ST. LOUIS — The St. Louis Metropolitan Police Department solved a decades-old mystery with the help of a new and unique DNA project. It happened in a partnership with police and a genetic genealogy program.
The breakthrough could be just the start of solving crime mysteries. In this case, police got two critical answers. They solved a missing person’s case from 1990, and they tied it to skeletal remains found in 1992 in the Central West End.
St. Louis Police homicide detective Heather Sabin made the discovery that answered a 32-year-old mystery.
“From the day he went missing (March 25, 1990) to the day I got notified that this was T.J. (March 25 of this year), 32 years to the day,” she said.
We now know a composite sketch from the National Center for Missing and Exploited Children is T.J. Emily.
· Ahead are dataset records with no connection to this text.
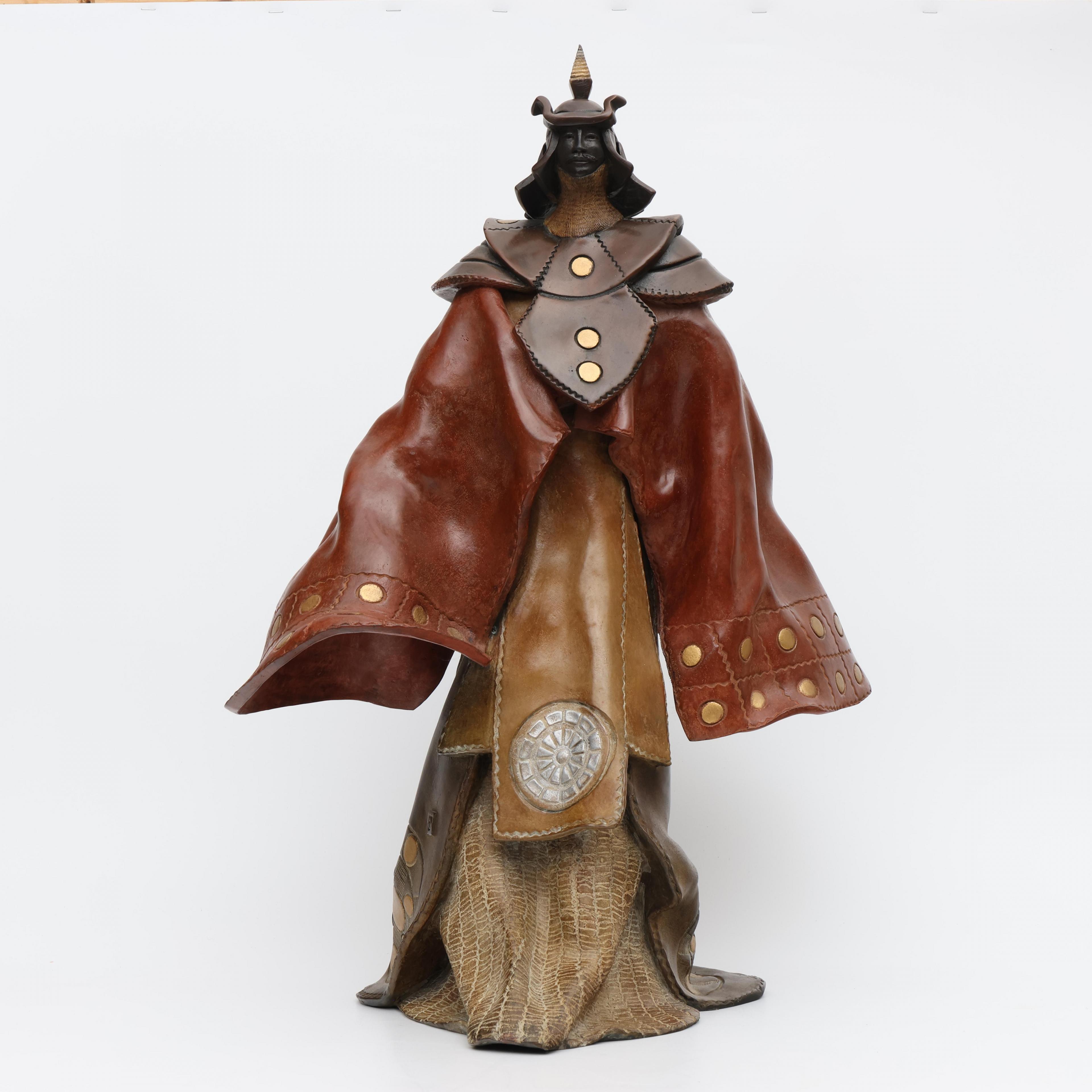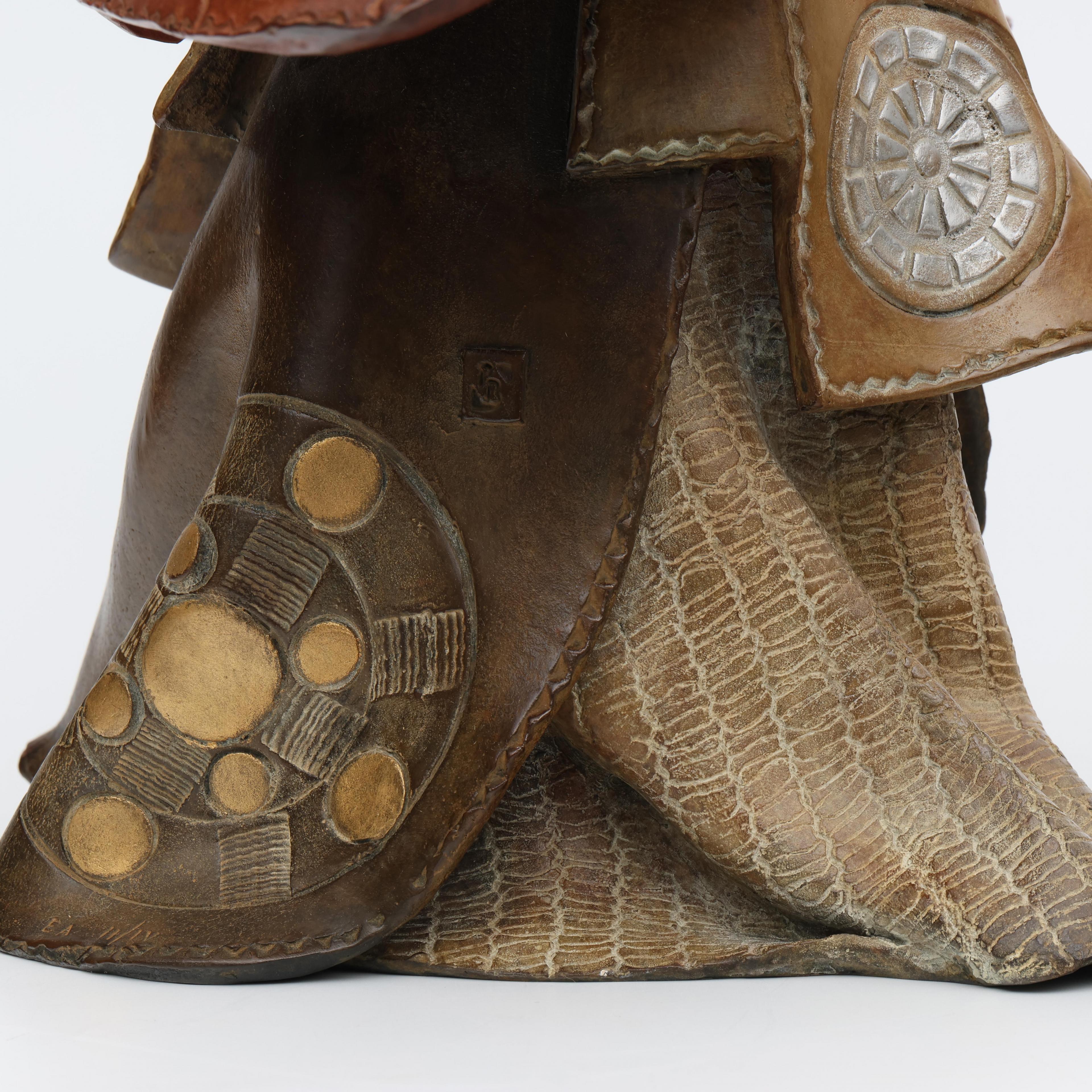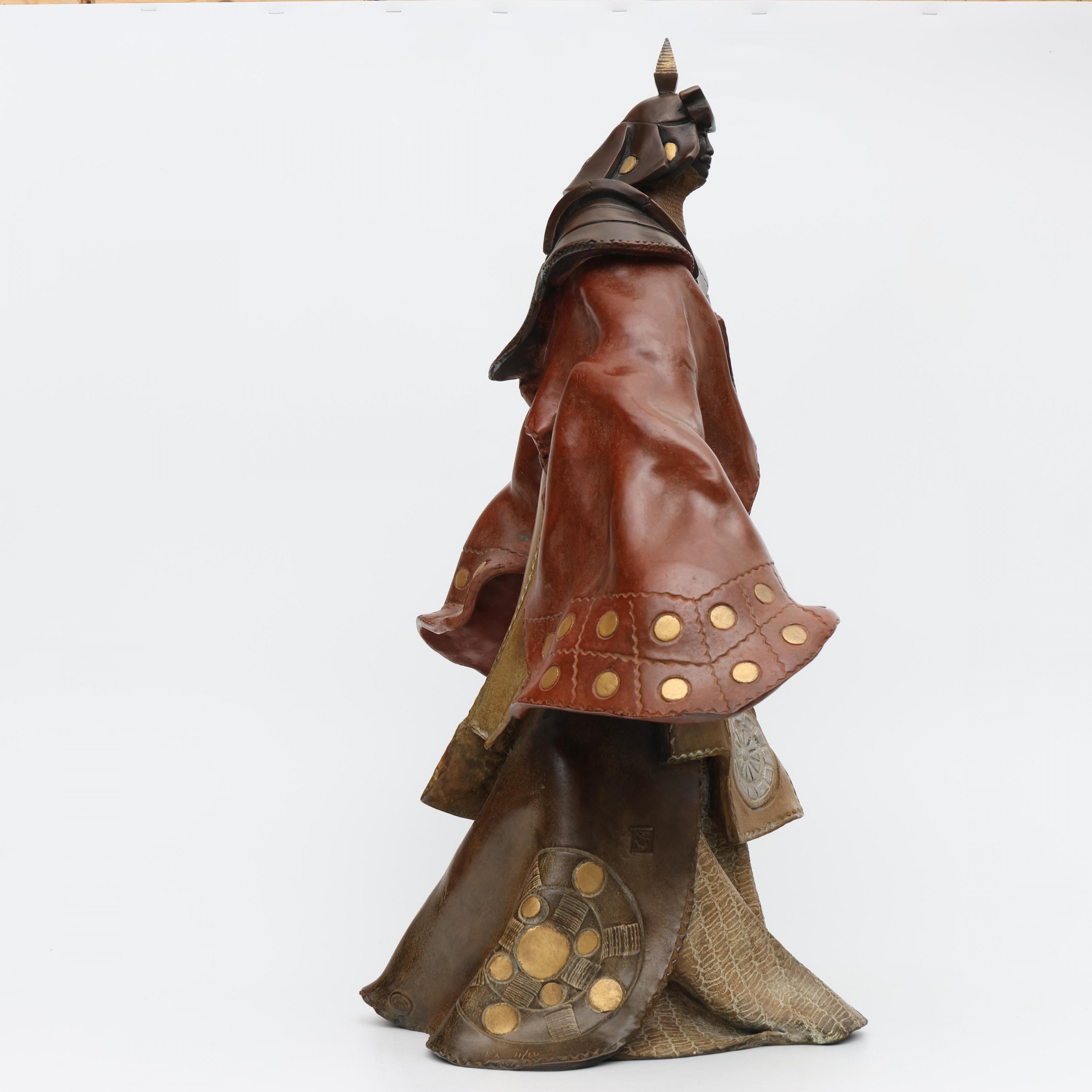Japan, a patinated bronze okimono of a samurai, 20th century,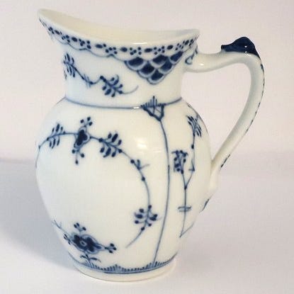 Royal Copenhagen , Musselmalet Halvblonde flødekande.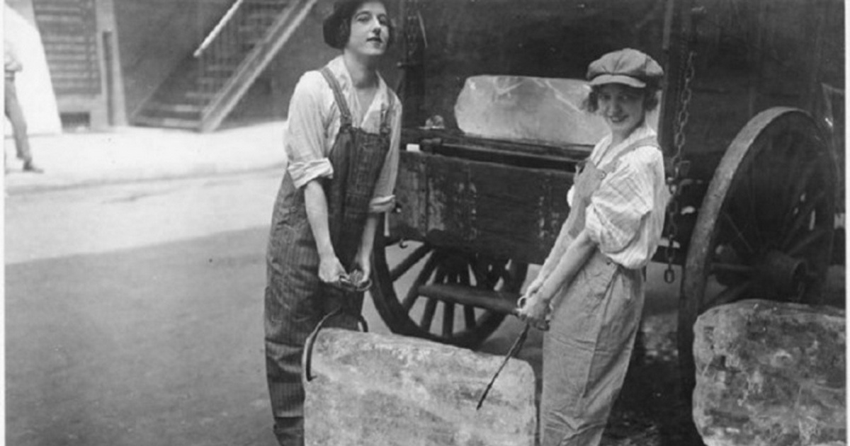 Девушки занимаются погрузкой тяжёлых блоков льда во время войны.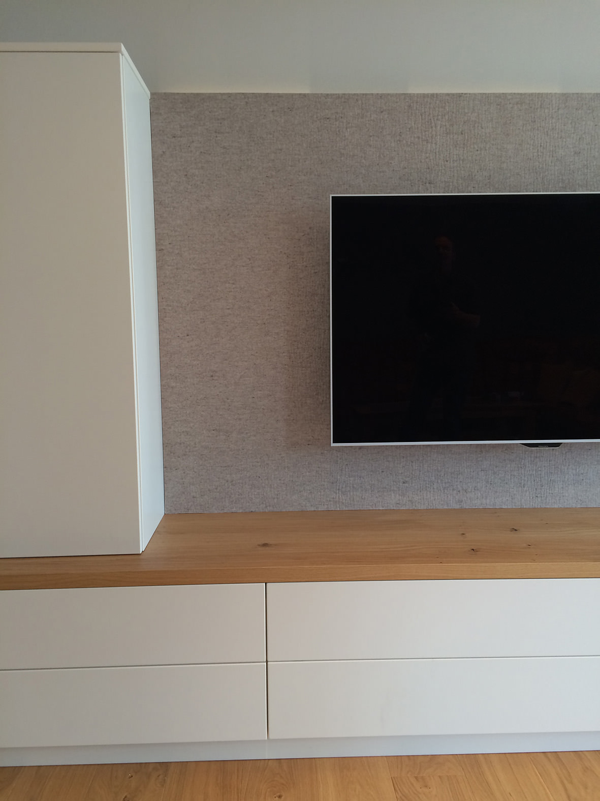 So habe ich eine tv wand b 190 x h 195 x t 13 mit led hintergrundbeleuchtung gebaut. Eine wand mit hohlraum oder massiv verlängern. Durch weiße oberflächen und eine massive holzplatte aus eiche wirkt das wohnzimmer freundlich und hell.

He was 18 when he disappeared after walking out of a home where he was staying on Rauschenbach Avenue in St. Louis.
“He was going to go visit an uncle,” said Detective Sabin.
He was found two years later in a building that no longer exists in the Central West End, but police didn’t know it was him. The skeleton could not be identified, and police found no matches in the DNA database called CODIS.
Detective Sabin tried something new – reaching out to a non-profit group that uses genetic genealogy, the DNA Doe Project.
“Any police department that has any DNA that can be used, or bones or teeth or blood cards, any of that stuff as long as it’s not extremely degraded, we can do this on it,” said Tracie Boyle, an investigative genetic genealogy team lead.
She worked with police on making this breakthrough identification
“They were amazed,” Boyle said. “We came back, I want to say it was a week or so after we got the kit. We were able to identify him.”
Here’s how it works. The organization compared DNA collected by the St. Louis Metropolitan Police department against genetic testing results that average citizens took with home test kits.
DNA Doe Project only has access to those results people voluntarily upload to the genealogy research websites GEDmatch and Family Tree DNA.
“It’s amazing that little segment passed down from your ancestors can just help identify who you are,” she said.
Detective Sabin added, “It’s never too late, and you know T.J. Emily still has family out there and they still love him, and they care for him, and they want to be able to put him to rest and that’s what we’re doing.”
A homicide investigation continues as St. Louis Police are already looking to solve other cases with the new technology.